▸ The records
============

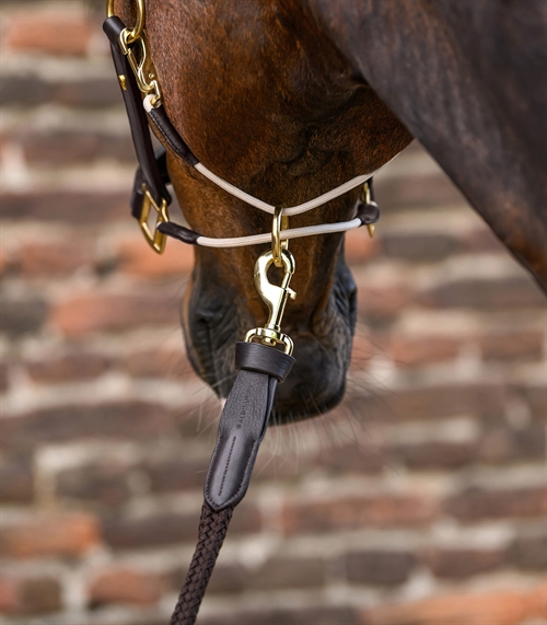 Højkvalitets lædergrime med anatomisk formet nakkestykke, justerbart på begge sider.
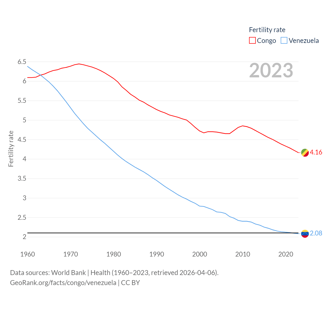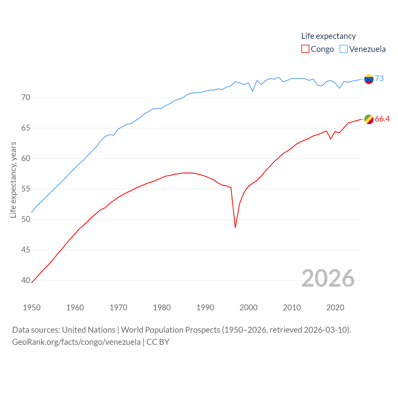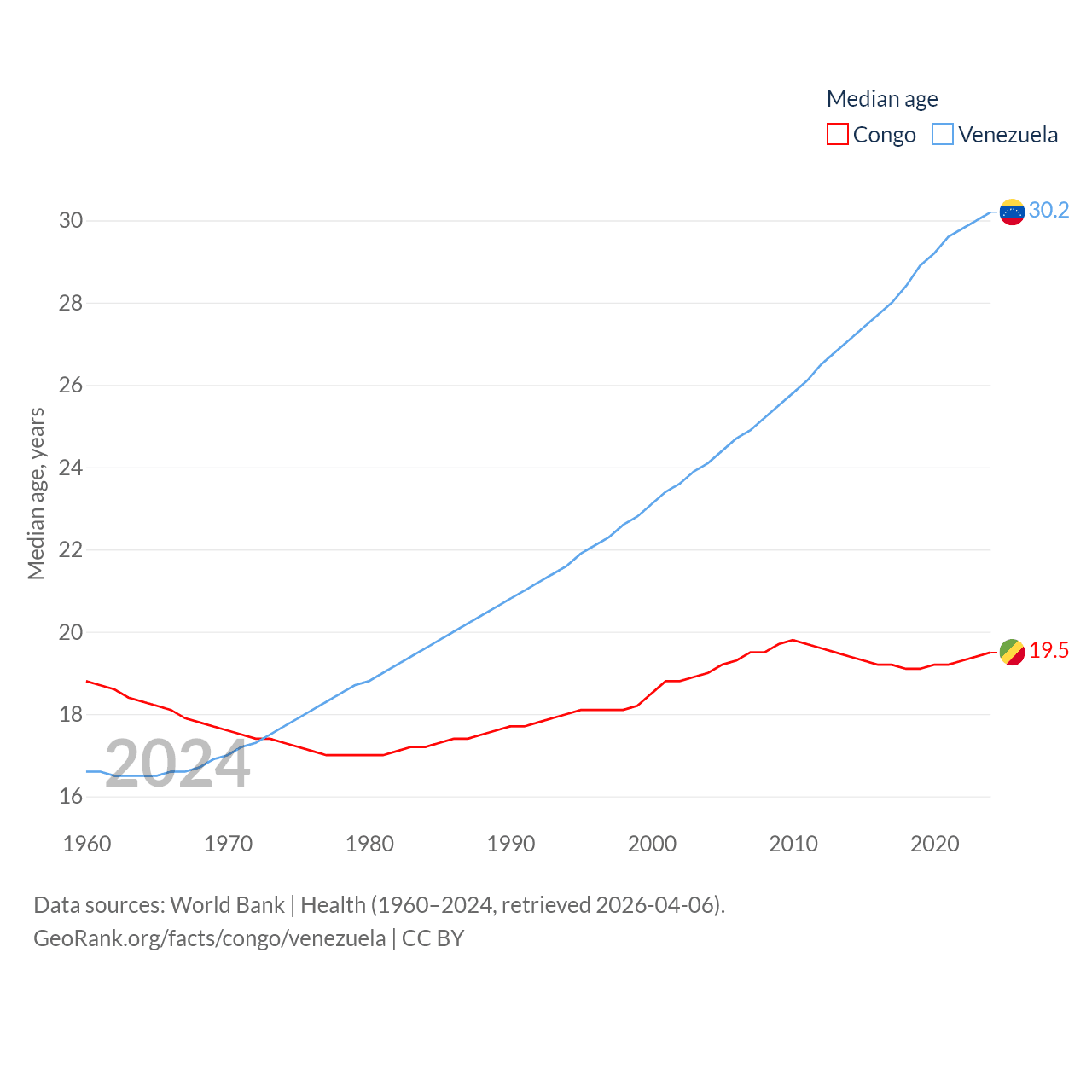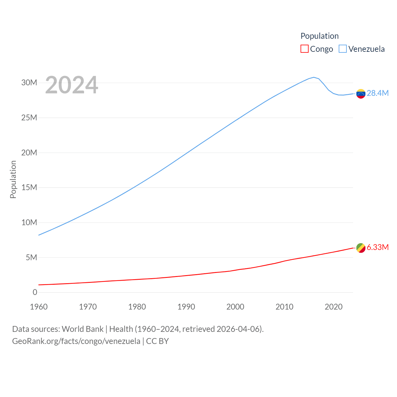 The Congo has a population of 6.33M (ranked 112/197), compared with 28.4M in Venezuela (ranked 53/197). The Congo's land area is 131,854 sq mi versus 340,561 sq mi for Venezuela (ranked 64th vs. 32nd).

============

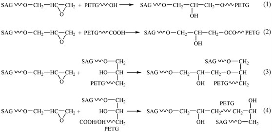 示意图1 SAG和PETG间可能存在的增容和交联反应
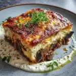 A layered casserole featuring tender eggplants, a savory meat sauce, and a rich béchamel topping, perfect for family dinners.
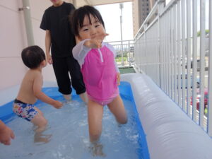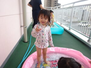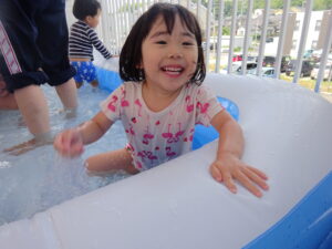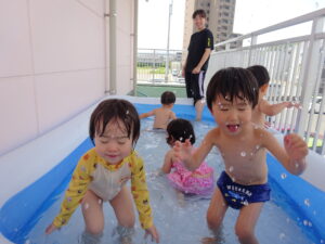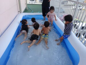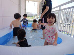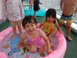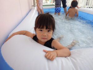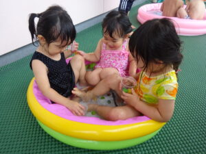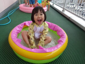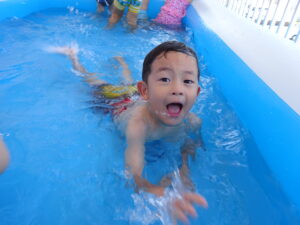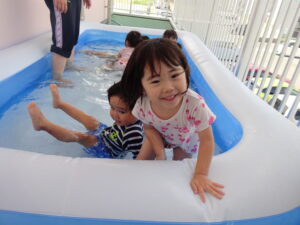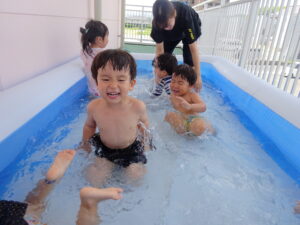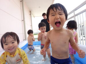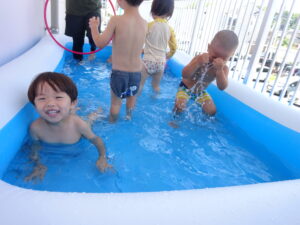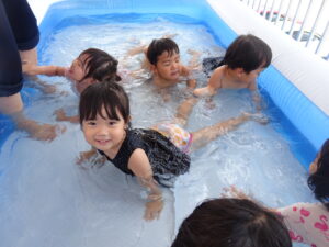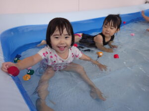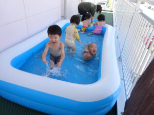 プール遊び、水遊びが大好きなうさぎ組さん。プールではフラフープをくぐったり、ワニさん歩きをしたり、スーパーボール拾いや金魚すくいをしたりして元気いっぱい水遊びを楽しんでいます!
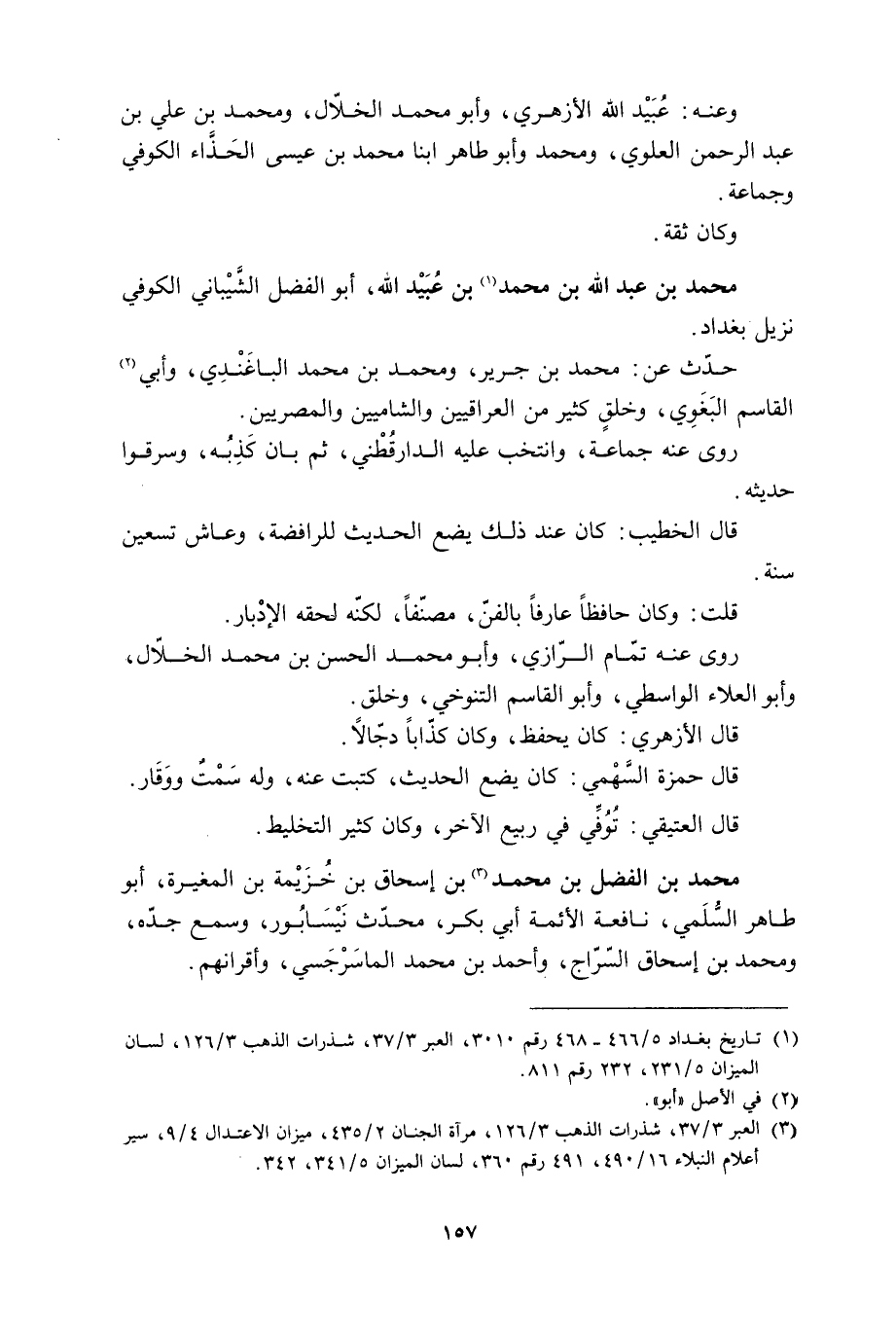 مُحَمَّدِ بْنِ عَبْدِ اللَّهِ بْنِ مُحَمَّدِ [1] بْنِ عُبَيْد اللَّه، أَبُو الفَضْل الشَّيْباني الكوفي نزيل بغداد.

============

▸ Task goal
From the line containing "Højkvalitets lædergrime med" through the line containing "The Congo has", copy every line above exactly, without pictures.

▸ Task output
 Højkvalitets lædergrime med anatomisk formet nakkestykke, justerbart på begge sider.
 The Congo has a population of 6.33M (ranked 112/197), compared with 28.4M in Venezuela (ranked 53/197). The Congo's land area is 131,854 sq mi versus 340,561 sq mi for Venezuela (ranked 64th vs. 32nd).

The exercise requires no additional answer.